**** DATASET CONTENT

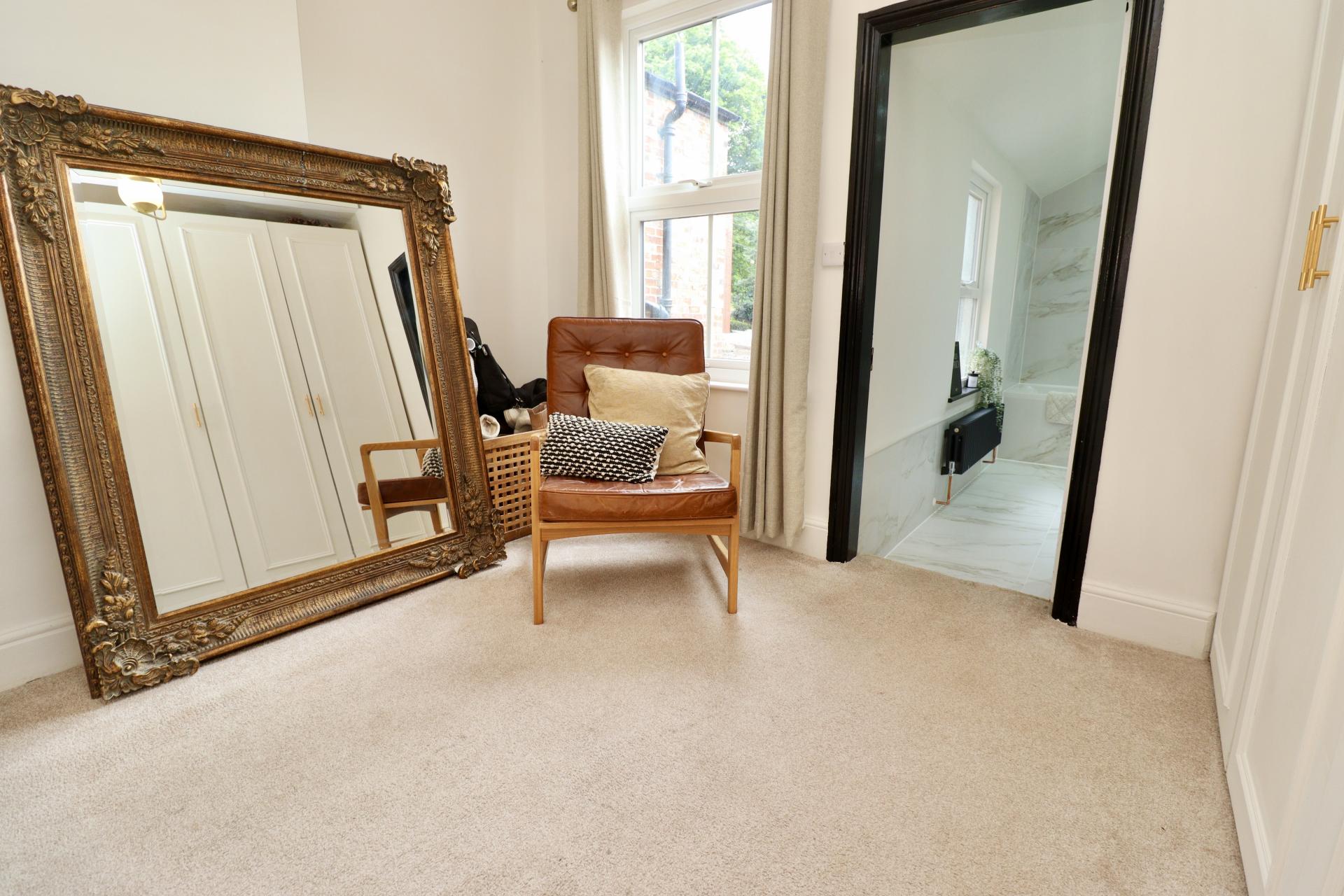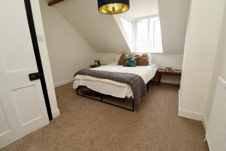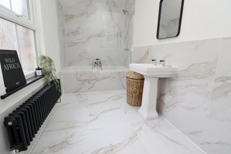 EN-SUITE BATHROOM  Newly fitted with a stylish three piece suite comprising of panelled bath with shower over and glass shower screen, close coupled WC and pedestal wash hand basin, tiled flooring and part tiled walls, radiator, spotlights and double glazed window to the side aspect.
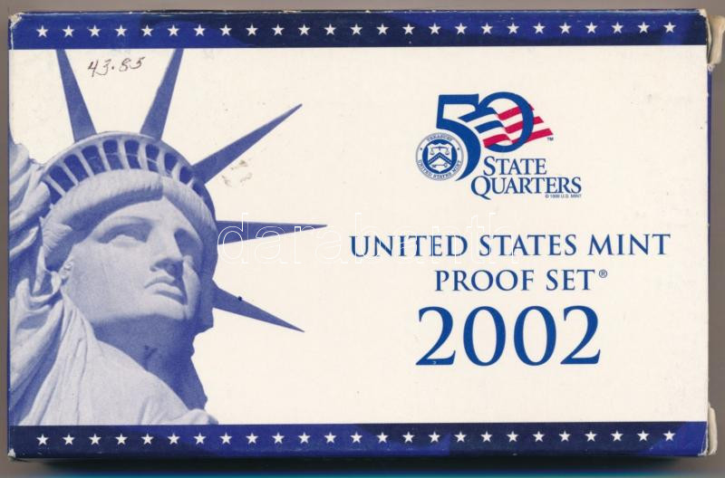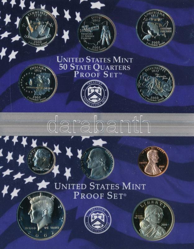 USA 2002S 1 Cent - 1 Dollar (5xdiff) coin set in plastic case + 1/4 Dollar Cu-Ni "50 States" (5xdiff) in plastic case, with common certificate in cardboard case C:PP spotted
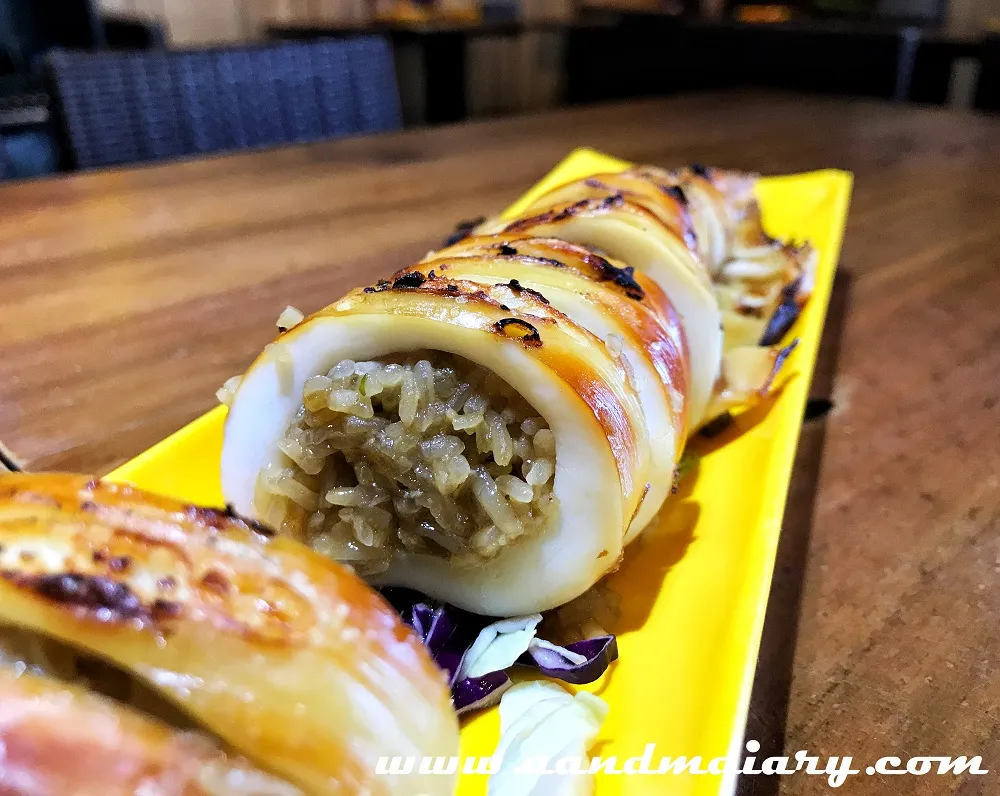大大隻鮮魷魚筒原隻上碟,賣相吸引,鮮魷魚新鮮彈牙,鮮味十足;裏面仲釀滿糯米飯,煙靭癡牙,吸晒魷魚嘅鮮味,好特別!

********

== ASSIGNED TASK ==
Nothing but the listing, copied exactly and stripped of its images, should appear in the response.

== FINAL ANSWER ==
 EN-SUITE BATHROOM  Newly fitted with a stylish three piece suite comprising of panelled bath with shower over and glass shower screen, close coupled WC and pedestal wash hand basin, tiled flooring and part tiled walls, radiator, spotlights and double glazed window to the side aspect.
 USA 2002S 1 Cent - 1 Dollar (5xdiff) coin set in plastic case + 1/4 Dollar Cu-Ni "50 States" (5xdiff) in plastic case, with common certificate in cardboard case C:PP spotted
大大隻鮮魷魚筒原隻上碟,賣相吸引,鮮魷魚新鮮彈牙,鮮味十足;裏面仲釀滿糯米飯,煙靭癡牙,吸晒魷魚嘅鮮味,好特別!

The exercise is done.